- [AIM OF THE TASK] Reproduce all of the data exactly. Images are not to appear in the reply.

- [DATASET SECTION]
━━━━━━━━

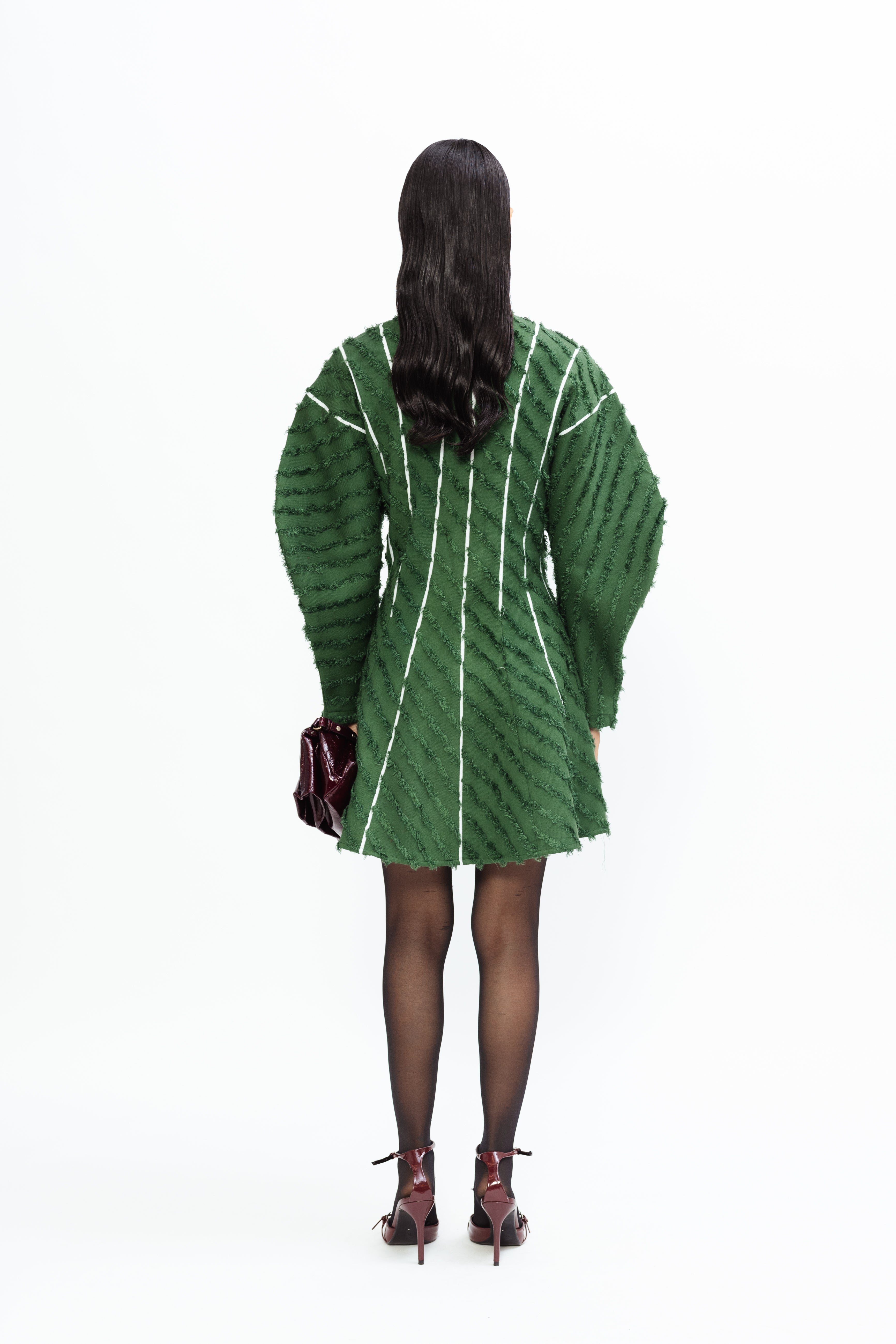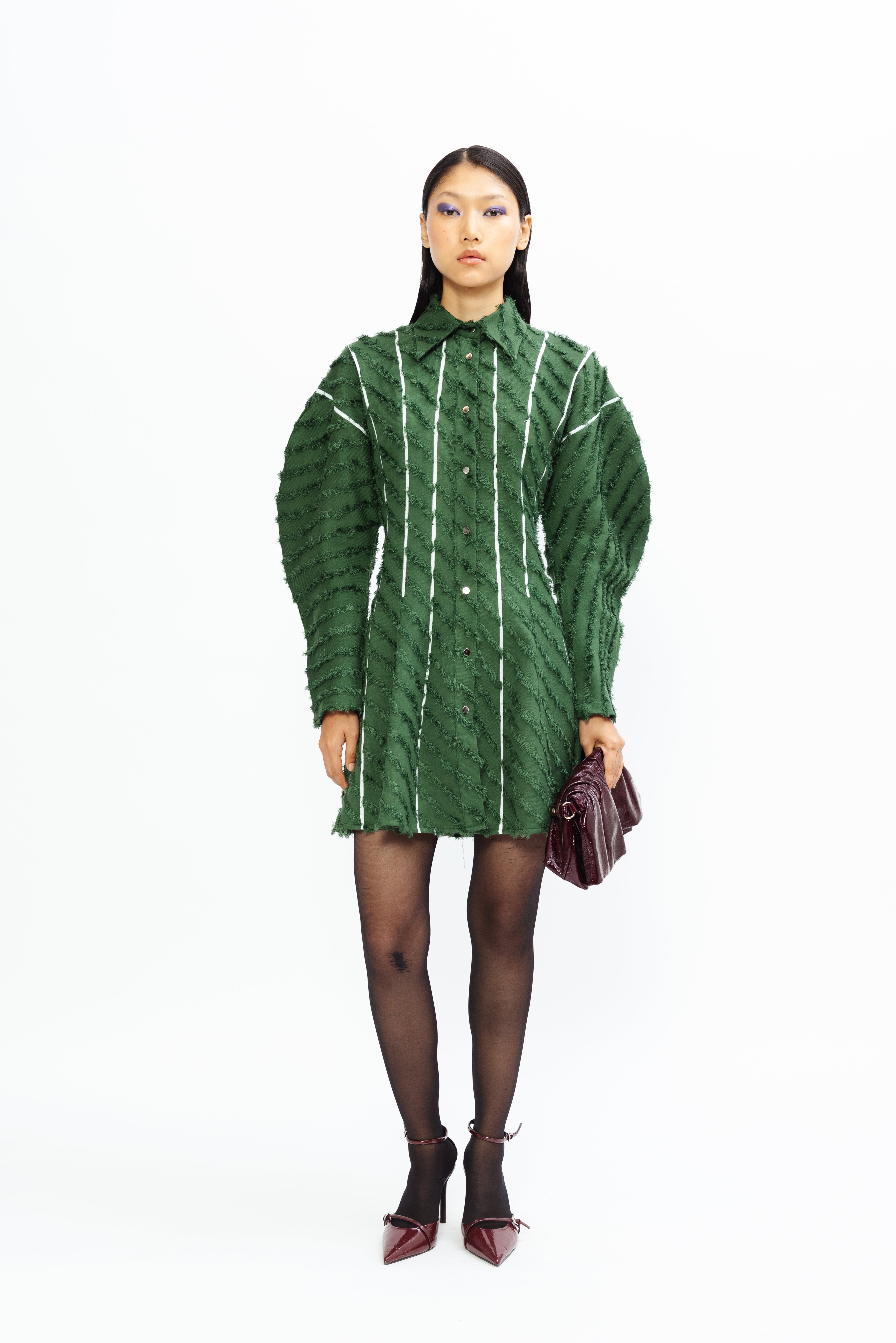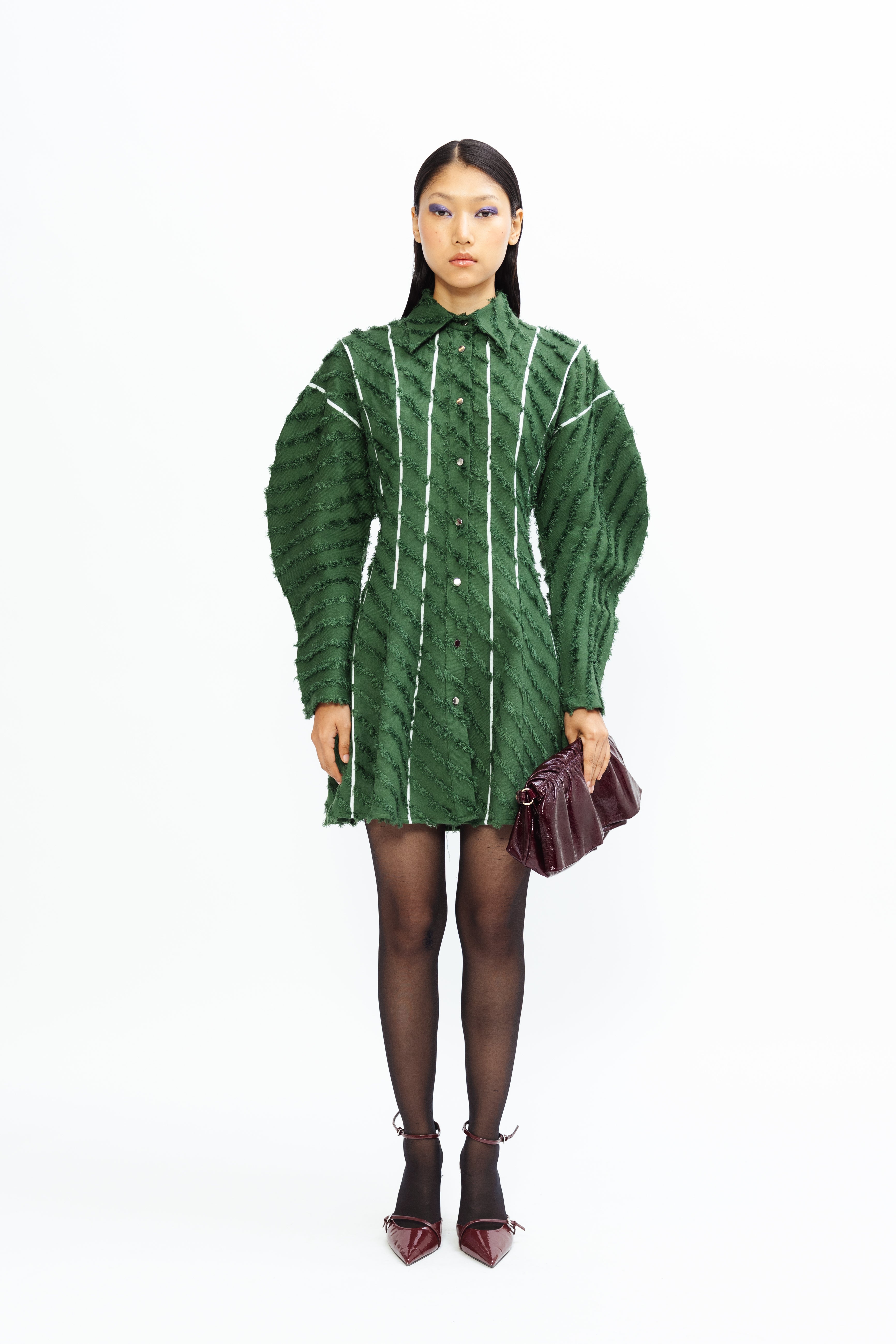 A signature short dress crafted in soft wool, defined by subtle slot detailing that adds structure and character. The clean silhouette and tactile fabric combine comfort with understated sophistication, making it an effortlessly stylish wardrobe staple.
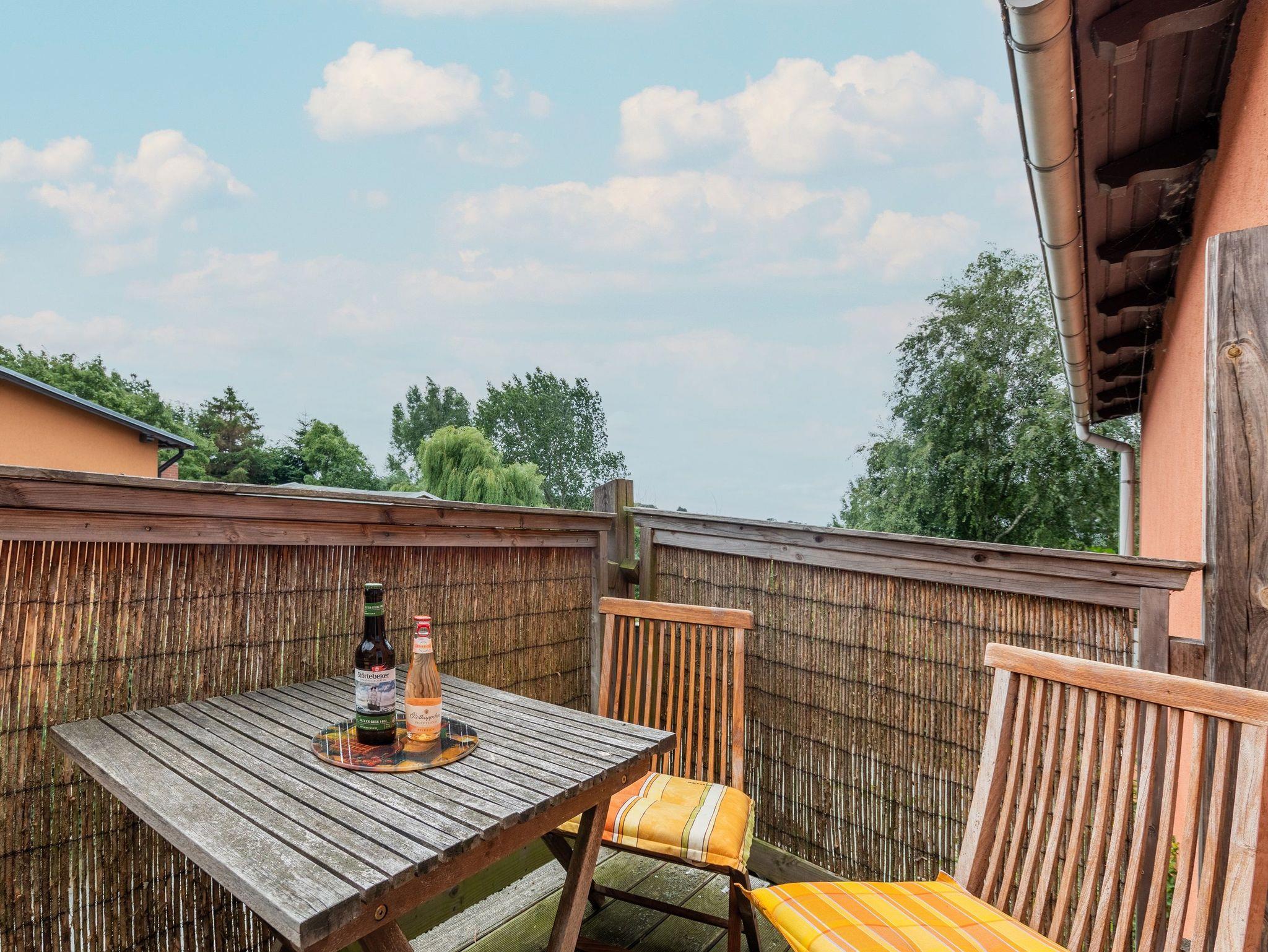 2-4 Pers.: 2-Zimmer-Wohnung mit 37 qm Wohnfläche, Parterre. Wohn-/Essraum mit Couchgarnitur (Ausziehcouch 2 Pers.), Esstisch, Küchenzeile (2 P. E-Herd, Spülmaschine, Minibackofen, Kaffeemaschine, Wasserkocher, 6-Set-Ess-Geschirr und Besteck, kleine Auswahl an Gläsern, kleine Topfsammlung, ein paar kleine Küchenhelfer --- Grundausstattung!!!)). Doppelbett, Couchgarnitur (Ausziehcouch 2 Personen), Bad/WC. Balkon mit Sitzmöbeln.
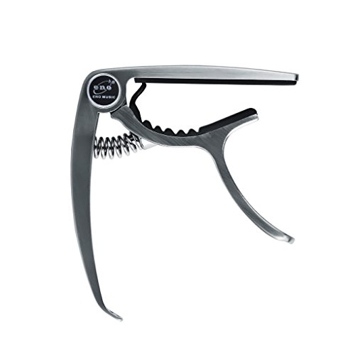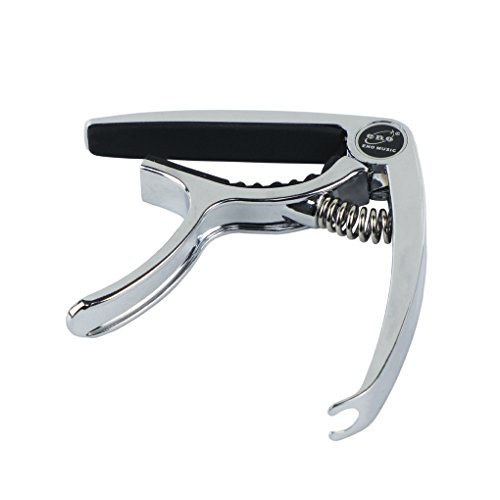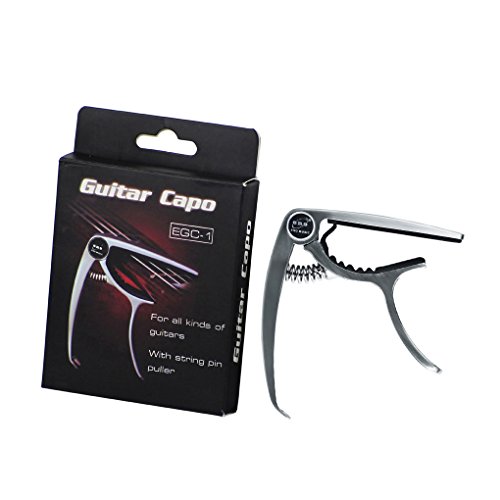 Product Description Feature:* The capo has a great performance for all kind of guitar,can clamp firmly onto most fretboards without buzz or loss of tuning.* With smooth surface and ergonomic handle,it is made of zinc alloy, lightweight but durable.* Strong spring is made of stainless steel,with great acid resistance,will help hold all of the strings down.* Soft silicone padding helps to protect the strings and fretboard without compromising on the quality of pitch and tone.* Easy to use,quickly and easily released and repositioned without disturbing the tuning.Can be repositioned with just one hand.* There is a string pin puller at the end of the handle, which can help you to remove string pins without making damage to your guitar.Specification:Fits for all kind of electric, acoustic and classical guitarMaterial: Handle is made of high quality zinc alloy, with soft silicone padding to protect your guitar perfectly.Color: ChromePackage include:1 x Packaged Guitar Capo 0

━━━━━━━━

- [EXERCISE RESULT]
 A signature short dress crafted in soft wool, defined by subtle slot detailing that adds structure and character. The clean silhouette and tactile fabric combine comfort with understated sophistication, making it an effortlessly stylish wardrobe staple.
 2-4 Pers.: 2-Zimmer-Wohnung mit 37 qm Wohnfläche, Parterre. Wohn-/Essraum mit Couchgarnitur (Ausziehcouch 2 Pers.), Esstisch, Küchenzeile (2 P. E-Herd, Spülmaschine, Minibackofen, Kaffeemaschine, Wasserkocher, 6-Set-Ess-Geschirr und Besteck, kleine Auswahl an Gläsern, kleine Topfsammlung, ein paar kleine Küchenhelfer --- Grundausstattung!!!)). Doppelbett, Couchgarnitur (Ausziehcouch 2 Personen), Bad/WC. Balkon mit Sitzmöbeln.
 Product Description Feature:* The capo has a great performance for all kind of guitar,can clamp firmly onto most fretboards without buzz or loss of tuning.* With smooth surface and ergonomic handle,it is made of zinc alloy, lightweight but durable.* Strong spring is made of stainless steel,with great acid resistance,will help hold all of the strings down.* Soft silicone padding helps to protect the strings and fretboard without compromising on the quality of pitch and tone.* Easy to use,quickly and easily released and repositioned without disturbing the tuning.Can be repositioned with just one hand.* There is a string pin puller at the end of the handle, which can help you to remove string pins without making damage to your guitar.Specification:Fits for all kind of electric, acoustic and classical guitarMaterial: Handle is made of high quality zinc alloy, with soft silicone padding to protect your guitar perfectly.Color: ChromePackage include:1 x Packaged Guitar Capo 0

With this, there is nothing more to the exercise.